RECORDS FOR THE TASK
== Segment start ==
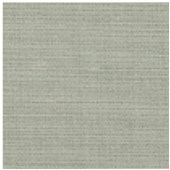
001-9215 CIMENTO - C
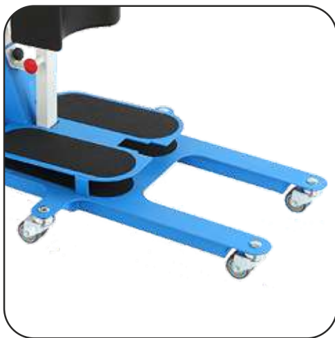
2 ruedas dobles y 2 ruedas dobles centrales.
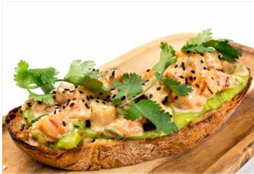
БРУСКЕТТА С КРЕВЕТКАМИ И АВОКАДО ..... 560 Bruschetta with shrimps and avocado 意式烤面包加虾和牛油果
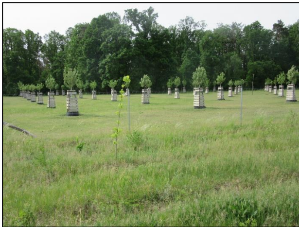
Abb. 1: Blick auf die Streuobstwiese in südwestlicher Richtung (2022)

Um ein gutes Anwachsen des Bestandes abzusichern, wurde eine insgesamt fünfjährige Pflege für beide Maßnahmenflächen vereinbart.
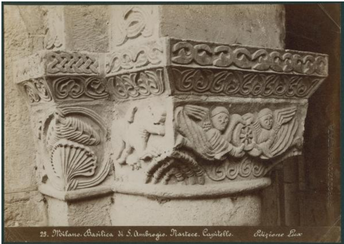
25. Milano, Basilica di S. Ambrogio, Narcece, Capitello. Edizione Lux
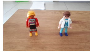
Trois personnages ( je sais il n'y en a que deux sur la photo.
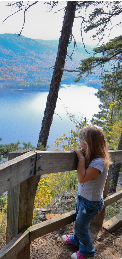
Point de vue sur le sentier
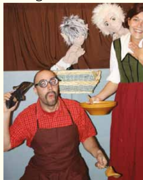
ČEVJAR IN PALČKA
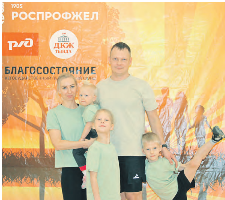
Тындинский филиал Дорпрофжел на ДВЖД собрал семьи железнодорожников для участия в спортивно-развлекательной игре «Семья года»
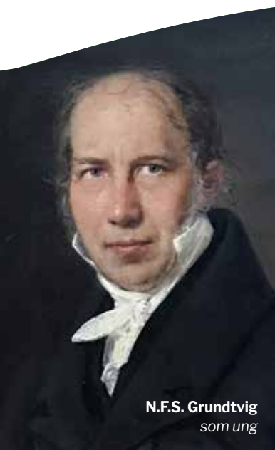
N.F.S. Grundtvig som ung

Et samarbejde mellem LOF og Jyllinge Kirke og Menighedsråd
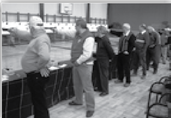
↑ Veterani s pištolo med streljanjem
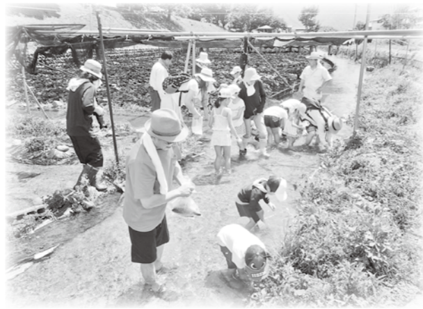
ニジマスのつかみ取りをして、美味しく食べました

安曇野市内には84の地区社協があり、それぞれの地域にそれぞれの活動があります。今回も地区社協の活動をご紹介します。
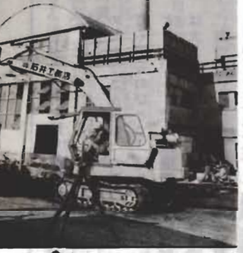
↑炉の増設工事が始まった正木ごみ処理場

第三回臨時市議会が十一月八日開かれ、二中防音校舎内装工事、正木ごみ処理場増設工事など三議案が可決されました。 ▽二中防音校舎の内装に二億円 防衛庁の補助を受け新築工事が進められている市立第二中学校の防音校舎の第一期内装工事を、二億三千万円で進めたいと、今回の工事は全体の六六・九九平方メートルの五二%にあたる三四五平方メートルの増設工事が始まった正木ごみ処理場
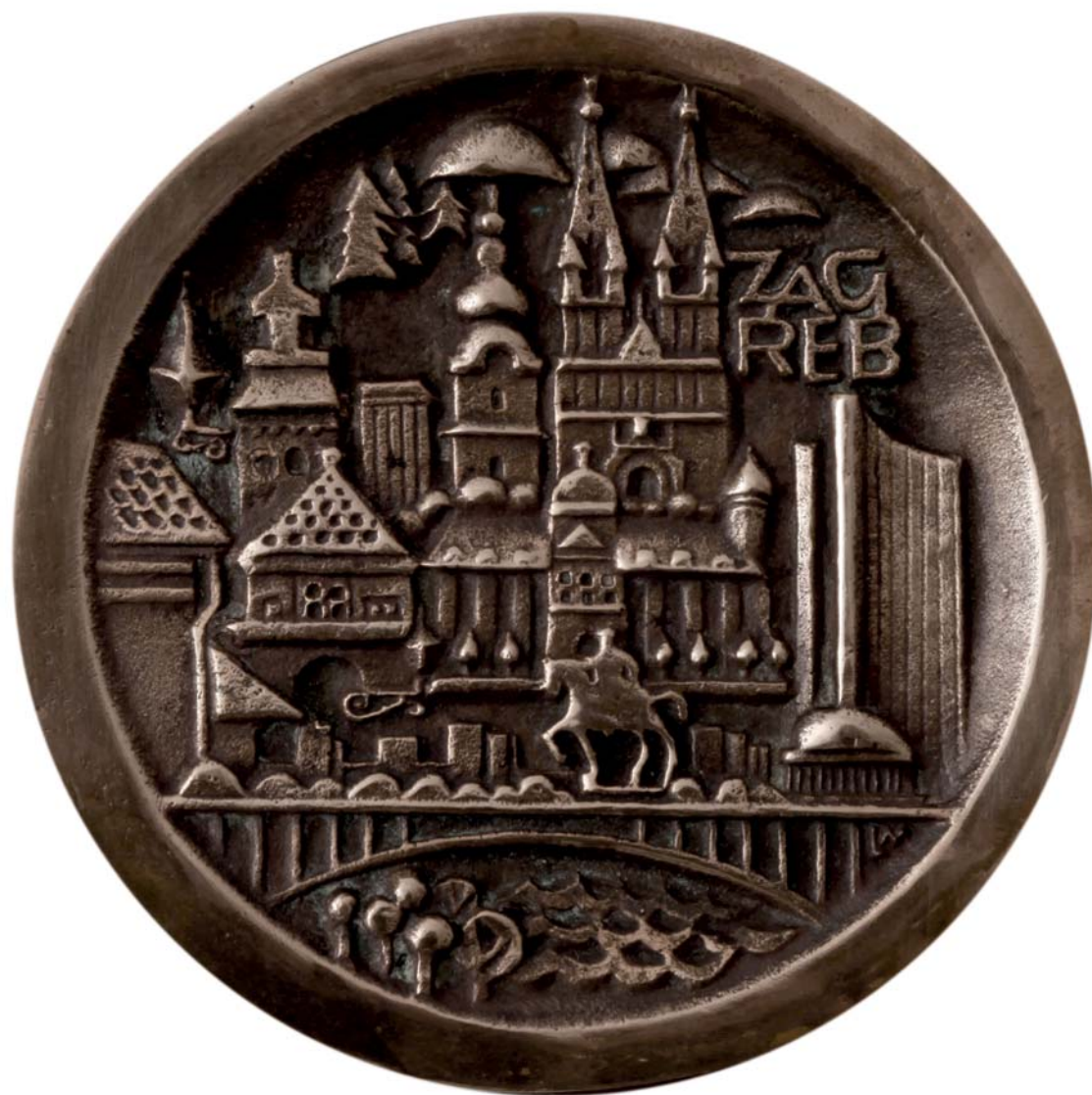
Zagreb, 1974., kat. br. 14
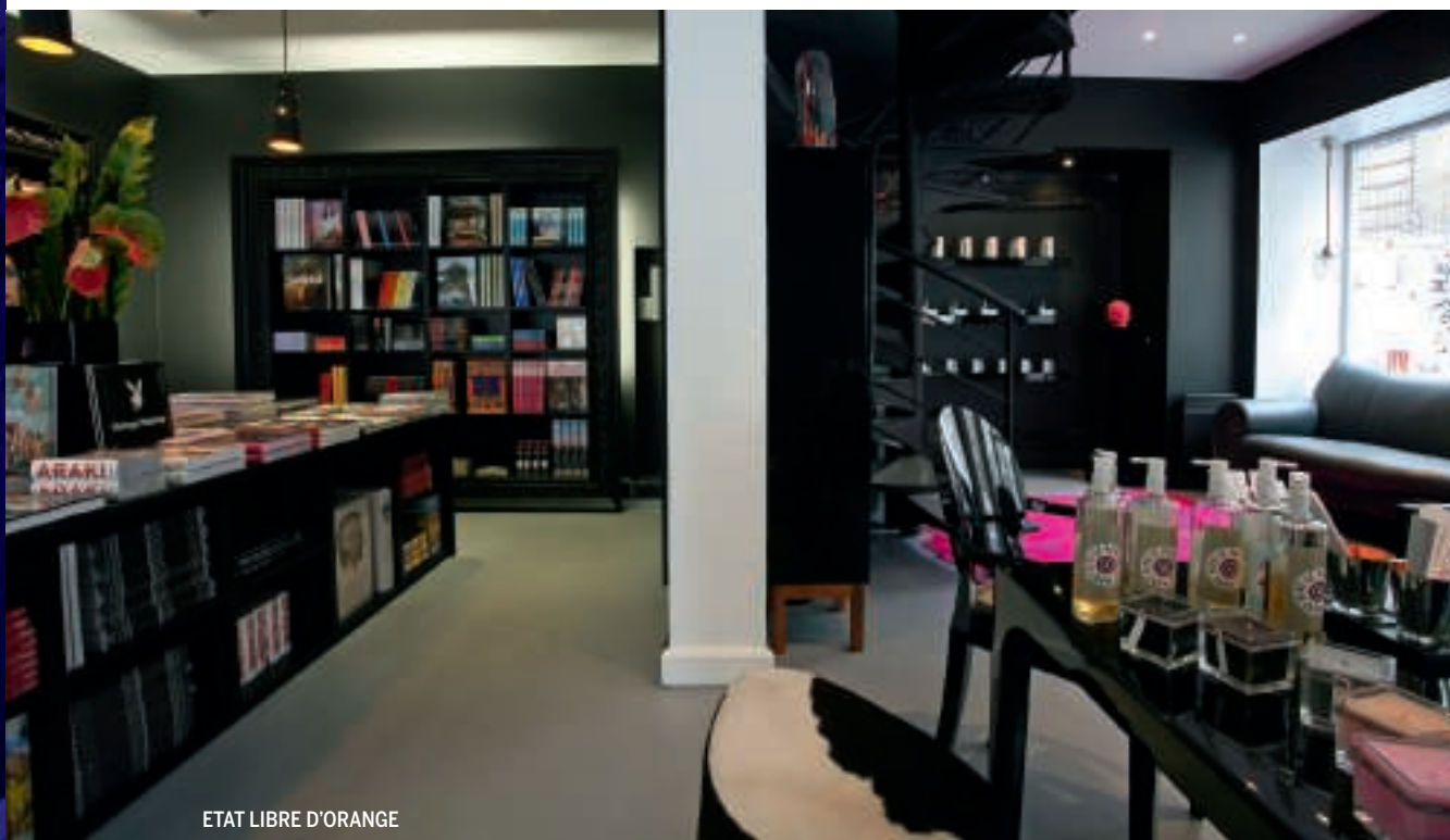
ETAT LIBRE D'ORANGE

Nos damos una vuelta por el mundo para descubrir los mejores centros de belleza actuales. Estas son las direcciones imprescindibles para las citas más exclusivas.
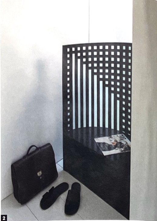
1. Vue sur la façade arrière de la maison. Sur un plateau rehaussé, l'architecte a aménagé un petit jardin ensoleillé. Juste assez grand pour accueillir deux chaises longues, conçues par le designer Richard Schultz pour Knoll dans les années 1960. 2. Le siège '312 Willow 1', créé par l'architecte et designer Charles Rennie Mackintosh pour Cassina, est une sculpture en soi. 3. Le jardin est également accessible à partir de l'espace de vie du premier étage, grâce à l'escalier extérieur. 4. La salle de bains du deuxième étage, vue de la chambre des parents.
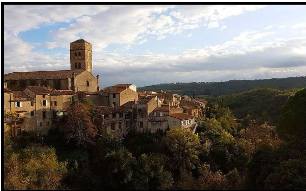
Village du Livre, Montolieu

Ce séjour peut s'effectuer suivant d'autres formules plus courtes ou plus longues, selon vos envies. Suivant vos propres critères, contactez-nous au plus vite pour que nous puissions vous faire une proposition au plus proche de vos attentes.
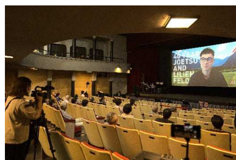
リリエンフェルト市との姉妹都市提携40周年記念事業オープニングセレモニー (高田世界館を会場にオンラインで開催)
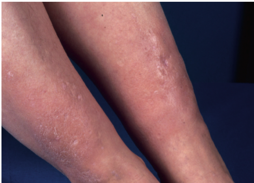
Slika 6. Tireoidna dermopatija. Suha i edematozna koža.

Učinak tireotoksikoze na razne organe također dovodi do kožnih promjena. Zbog pojačanog stvaranja kortizola javljaju se hiperpigmentacije kao u Addisonovoj bolesti. Zbog kardiovaskularnog djelovanja pojačava se dotok krvi u kožu što rezultira crvenilom lica i palmarnim eritemom. Hiperhidroza nastaje zbog ubrzanog metabolizma i disregulacije temperature (6). Također je primijećena veća učestalost kronične urtikarije u bolesnika s hipertireozom negoli u kontrolnoj skupini, međutim nije jasan uzrok (17).
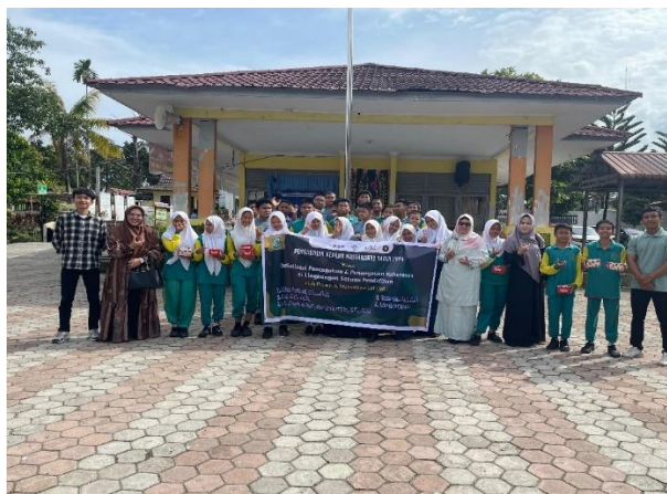
Gambar 3. Foto Bersama setelah kegiatan selesai dengan Siswa-siswi SMP Negeri 13 Pekanbaru.
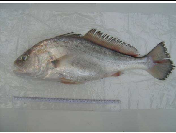
Foto 89: Curvina, Pescada do Piauí ( Plagioscion squamosissimus ).
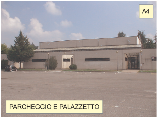
PARCHEGGIO E PALAZZETTO
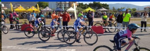
SUPER CUP next generation mountain bike
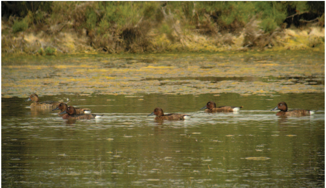
Porrón pardo Aythya nyroca . Salar de los Carros, Vera (Almería).

En la balsa de riego del Soto Mozanaque, Algete, Madrid, una hembra el 9 y 23 de octubre de 2011 (D. González y M. Juan) y de nuevo una hembra el 14 de octubre de 2012 (M. Juan). En El Manantío-Atalaya, Aldea del Cano, Cáceres, la especie está presente de modo continuo entre abril y septiembre de 2012, con un mínimo de un macho y un máximo de cinco ejemplares, cuatro de ellos
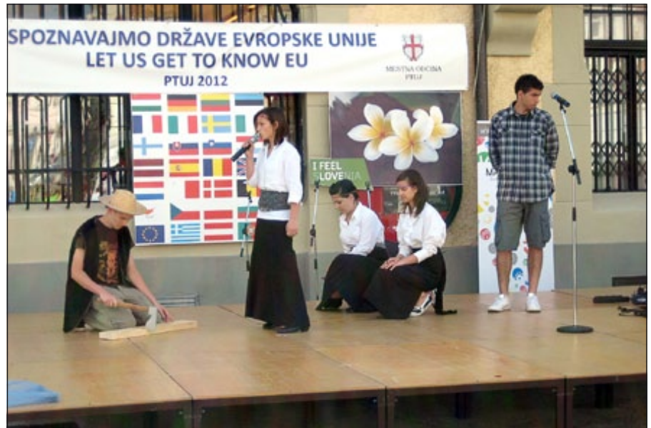
Utrinek s predstavitve OŠ Majšperk v Ptujju
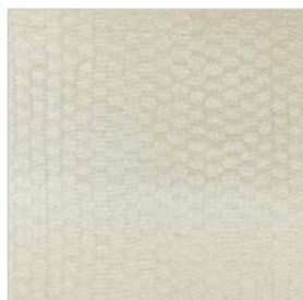
BAL BULLIER Voile métallisée M121402
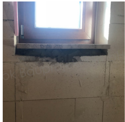
42: Einsetzen der Innenfensterbänke
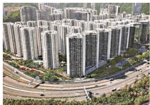
太古城 5 月錄得 50 宗二手成交，為 2013 年初以來單月最多。

另外，美聯物業吳肇基表示，鯉魚涌太古城 5 月迄今錄得 50 宗成交，按統計，為 2013 年 3 月份後八年來單月最多，交投暢旺，亦反映太古城仍是二手樓市重要指標。
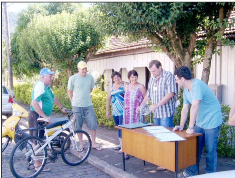
Sorteio final testemunhado pela comunidade

branca) os números e respectivos prêmios sorteados foram: 1º prêmio (R$ 1.100,00) - número 62.829; 2º prêmio (R$ 800,00) - 62.696; 3º prêmio (R$ 600,00) - 58.046; três prêmios de R$ 500,00 cada para os números 59.801, 05.194 e 50.194; três prêmios de R$ 400,00 para os números 13.940, 20.627, 22.560; mais cinco prêmios de R$ 200,00 cada para 65.110, 34.261, 49.135, 57.978 e 07.576.
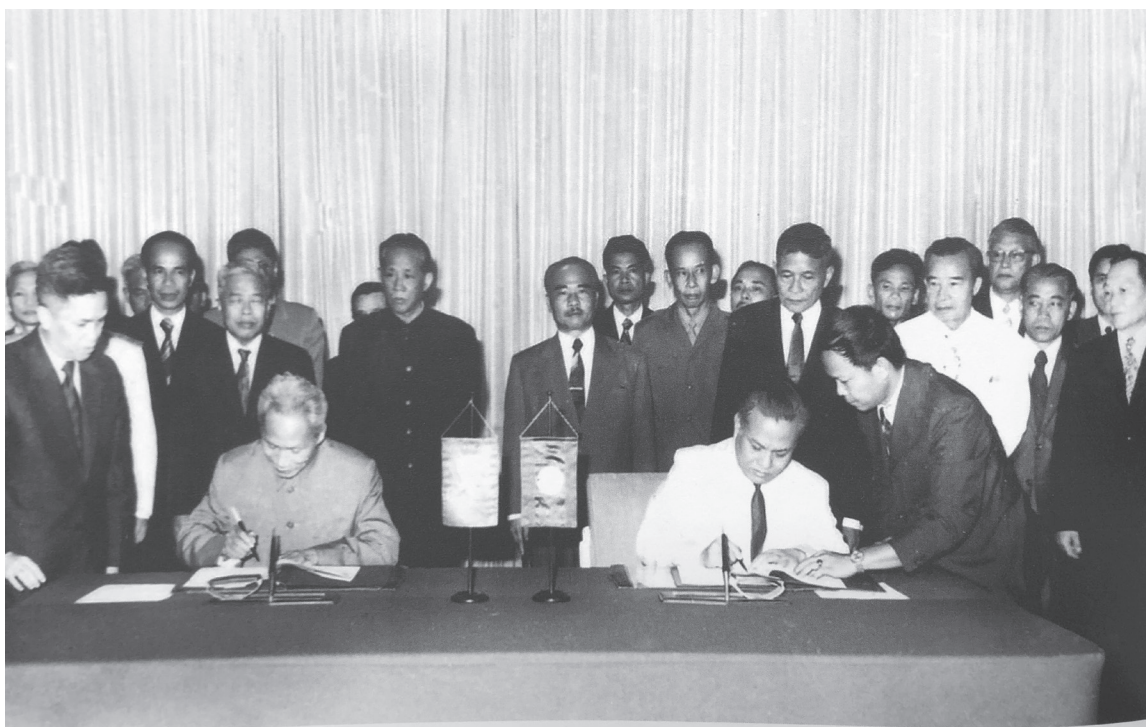
Hình 2. Thủ tướng Phạm Văn Đồng và Thủ tướng Kaysone Phomvihane ký Hiệp ước Hữu nghị và Hợp tác giữa hai nước Việt Nam - Lào tại Viêng Chăn ngày 18-7-1977
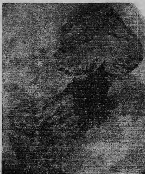
La erupción del mismo volcán en la mañana de ayer

Alajuela.—A las 7 y 15 a. m. de hoy se vio elevarse en dirección del volcán Poás una densa columna de humo coronada de un penacho blanco; luego se extendió en forma de nube, cubriendo el cielo hacia el Sur, y hora y media después caía en esta ciudad una ligerísima lluvia de ceniza húmeda casi imperceptible. No hay más datos de otros lugares.
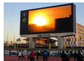
【ウォーキングやジョギングに親しむ参加者】 【大型ビジョンに映える初日】
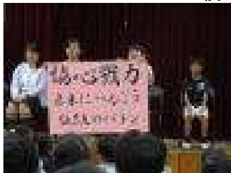
【後期のテーマを発表する役員】

後期第1回の定期総会が開かれました。まず立候補者から「全校の交流や季節に合ったイベントを行うなど、活動を増やしたい」「みんなが楽しく通うことができる学校にしたい」「新しいことに挑み、成功させることでみんなの笑顔を増やしたい」などと抱負が述べられました。その後、各役員に立候補した児童生徒が信任され、後期の児童生徒会が発足しました。新役員から「後期の児童生徒会も、前期のテーマ『協心戮力(きょうしんりく) ~未来へつなごう伝統のバトン~』を引き継ぎつつ、新しいことにも挑戦できるように、更に一人一人が意識を高めていきましょう」と、話がありました。
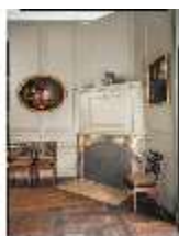
AnsRes.II, Dienerschaftszimmer (R.16), DE003221, BSV
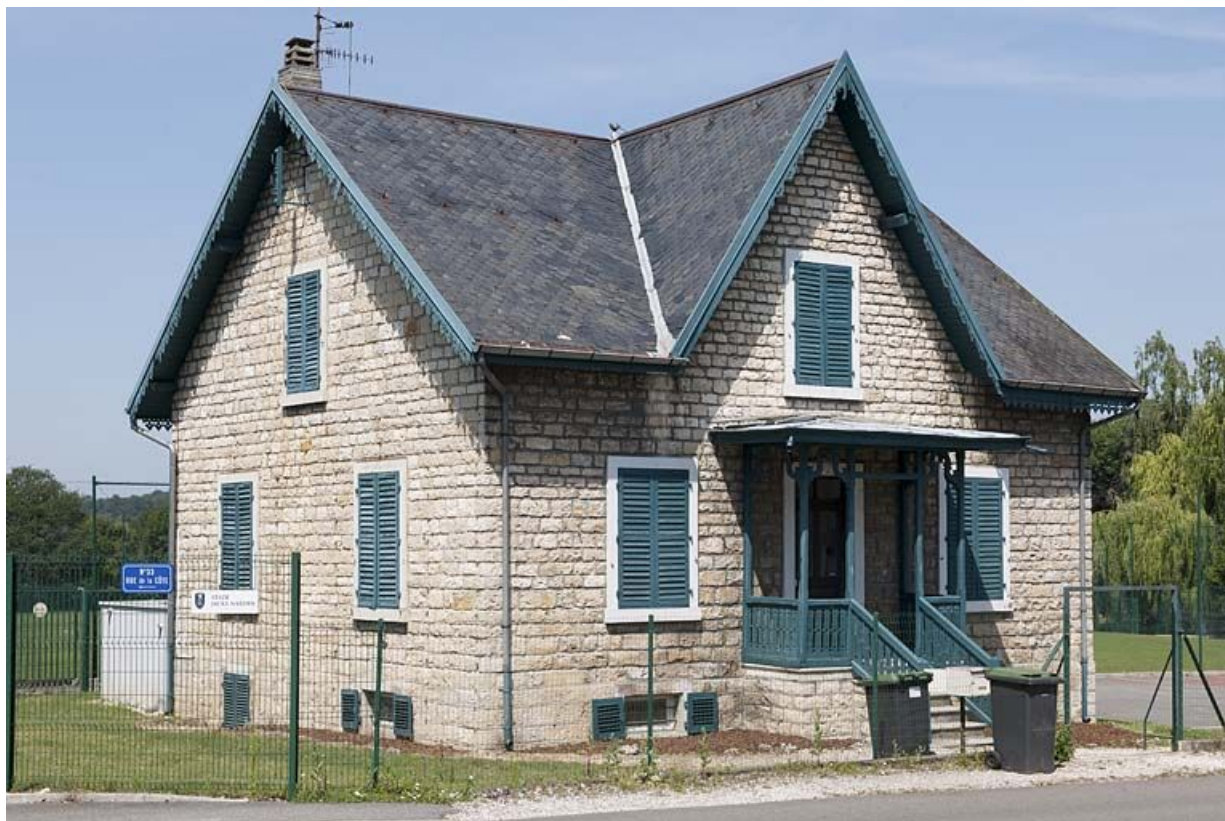
Logement annexe (?) rue de la Côte.
== Segment end ==
Starting from the first line of the listing above, write out every line exactly through the one containing "ČEVJAR IN PALČKA", and drop the pictures.

OUTPUT
001-9215 CIMENTO - C
2 ruedas dobles y 2 ruedas dobles centrales.
БРУСКЕТТА С КРЕВЕТКАМИ И АВОКАДО ..... 560 Bruschetta with shrimps and avocado 意式烤面包加虾和牛油果
Abb. 1: Blick auf die Streuobstwiese in südwestlicher Richtung (2022)

Um ein gutes Anwachsen des Bestandes abzusichern, wurde eine insgesamt fünfjährige Pflege für beide Maßnahmenflächen vereinbart.
25. Milano, Basilica di S. Ambrogio, Narcece, Capitello. Edizione Lux
Trois personnages ( je sais il n'y en a que deux sur la photo.
Point de vue sur le sentier
ČEVJAR IN PALČKA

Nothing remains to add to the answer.